#### Dataset section ####

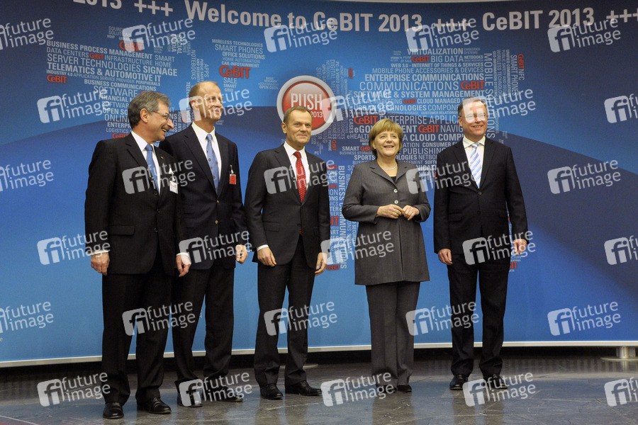 Dieter Kempf, Thomas Enders, Donald Tusk, Angela Merkel und Stephan Weil bei der Eröffnungsfeier der CeBIT 2013 im Hannover Congress Centrum. Hannover, 04.03.2013
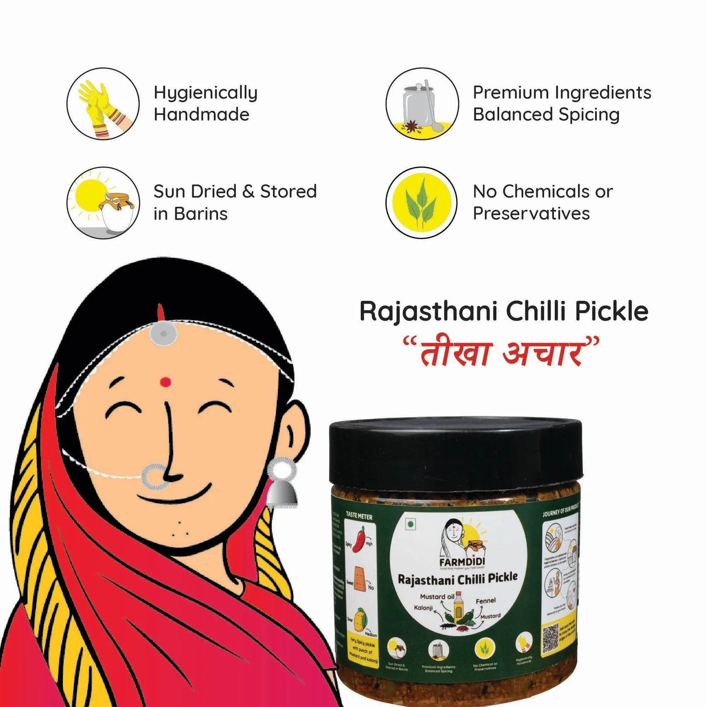 Our Rajasthani Green Chilli Pickle (Green Chili Achar) is a flavourful blend of heat and aromatic spices made by Rubaida didi from Uruli Kanchan.
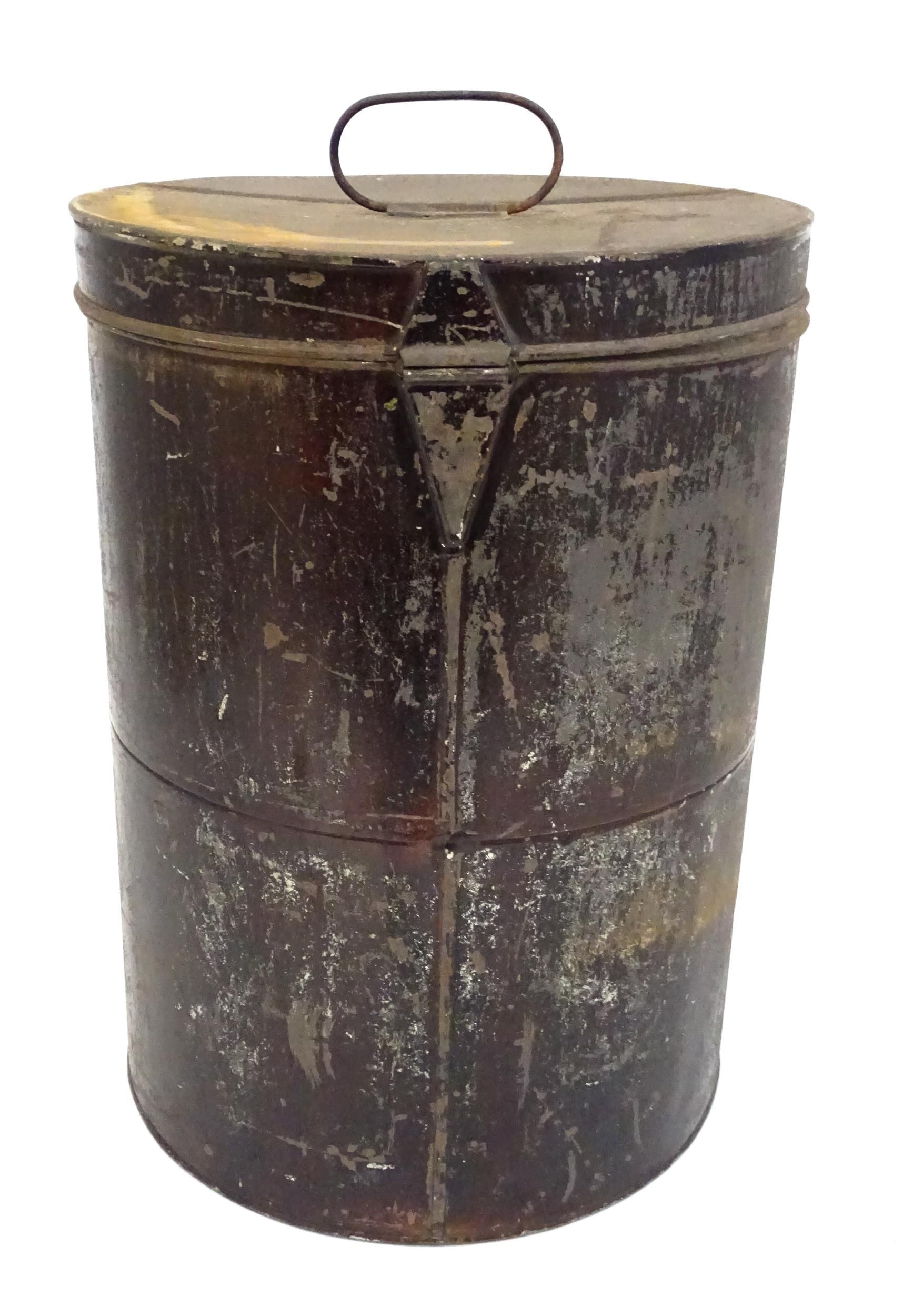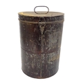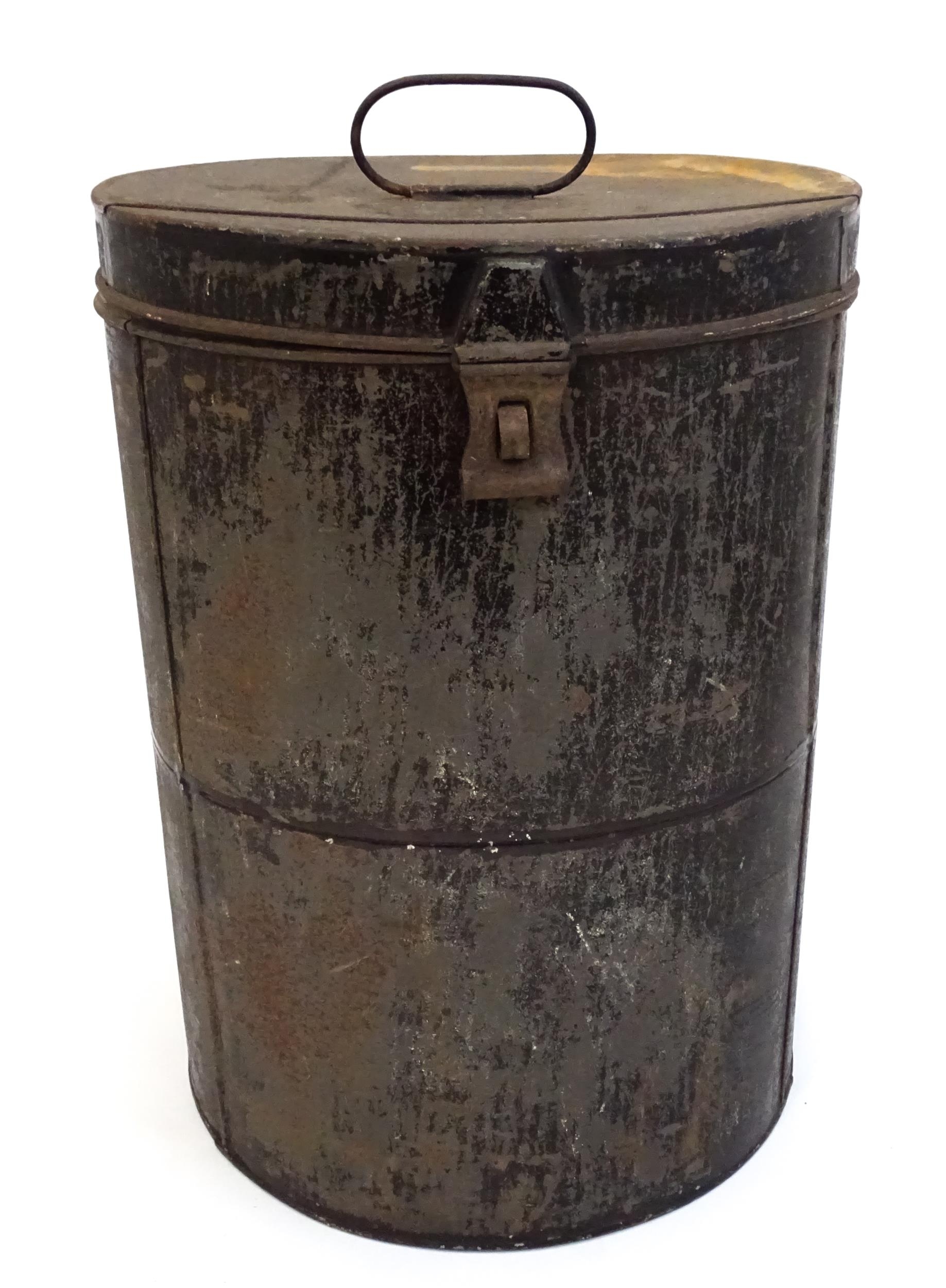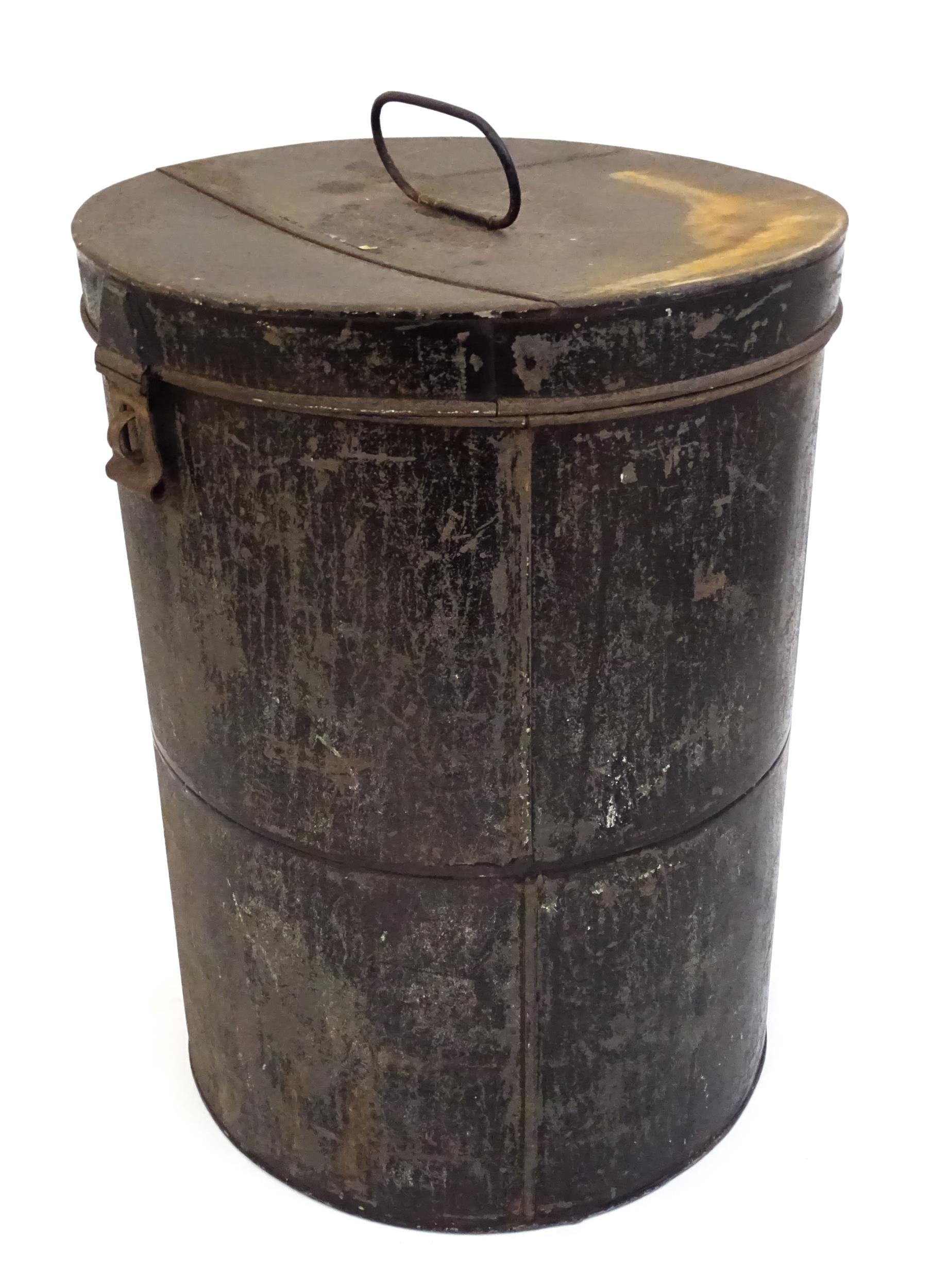 A large early 20thC tin case, approx 18 1/4" high x 13 1/4" in diameter

####

Directions:
Your response must reproduce every line of the data exactly, with images omitted.

Solved exercise:
 Dieter Kempf, Thomas Enders, Donald Tusk, Angela Merkel und Stephan Weil bei der Eröffnungsfeier der CeBIT 2013 im Hannover Congress Centrum. Hannover, 04.03.2013
 Our Rajasthani Green Chilli Pickle (Green Chili Achar) is a flavourful blend of heat and aromatic spices made by Rubaida didi from Uruli Kanchan.
 A large early 20thC tin case, approx 18 1/4" high x 13 1/4" in diameter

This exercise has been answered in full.